Na początku serducho tak mi napier****ło, że myślałem że mi wyskoczy, pociłem się niesamowicie, a po mocniejszych seriach trudno było złapac oddech, a pobudzeie przechodziło niemalże w nieprzyjemne dzwonienie w uszach ... może to przez to, że miałem dzisiaj nogi, a po ciężkich przysiadach i martwym na prostych zawsze jest ciężko, chociaż nie łączyłbym tego jedynie z treningiem.
Podczas poprzedniego cyklu nitroIIenergizer pompowało bdb, ale pobudzenie i skupienie bez szału, chciałem zatem coś mocniejszego, natomiast dzisiejsze odczucia są takie, że trening naprawde miazga, ale momentami uczucie...nie wiem jak to nazwać - pobudzenia? - dzwonienie w uszach plus mega szybkie bicie serca bardziej dekoncentrowały i przeszkadzały niż pomagały w skupieniu.

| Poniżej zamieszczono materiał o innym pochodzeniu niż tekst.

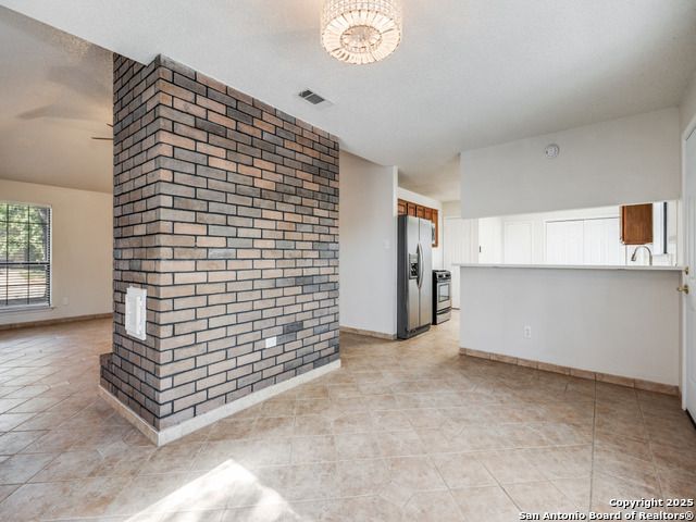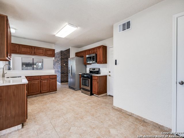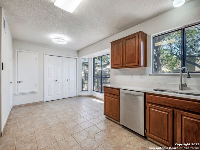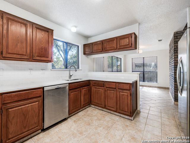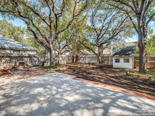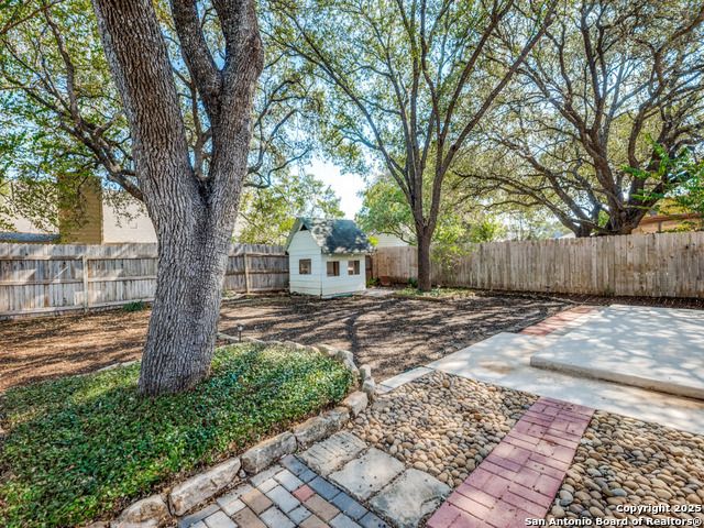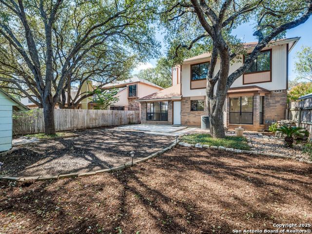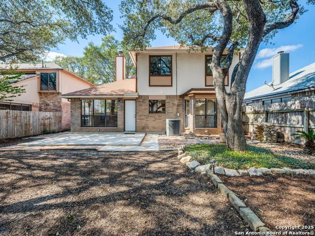 Beautiful brick fireplace to enjoy with your loved ones this holiday season! Gorgeous trees and lots of privacy in the backyard. Very peaceful setting near the Alamo Farmsteads. Lovely kitchen with nice stainless appliances. Enjoy gas stove and newly installed Quartz countertops. Dine overlooking the lush backyard in the separate dining room. Or use as office. Great Floor plan. Window seats add to the appeal of the main living room. No carpet. Interior freshly painted. Brick exterior; Privacy fencing and lots of mature trees. Very EZ access to So TX Medical Center, as well as most major employers, such as USAA, Valero, UTSA, more. Near hiking and biking trails of Leon Creek Trailway and many parks. EZ access to tons of shopping, hospitals, etc.

Stąd pytanie : jak ma sie napalm do shotgana, może jedynie różnią się jakimś składnikiem na który jestem szczególnie wrażliwy i shotgana mogę śmiało kupować... pytam ponieważ nie chciałbym kupić shotgana, a później zamiast zadowalających treningów zastanawiać się czy mi serducho nie wybuchnie
Dodam jeszcze tylko, że pod koniec ostatniego cyklu sypałem ok. półtorej miarki nitroIIenergizer i efekty jak w/w - pompa bdb, ale pobudzenie i skupienie bez szału.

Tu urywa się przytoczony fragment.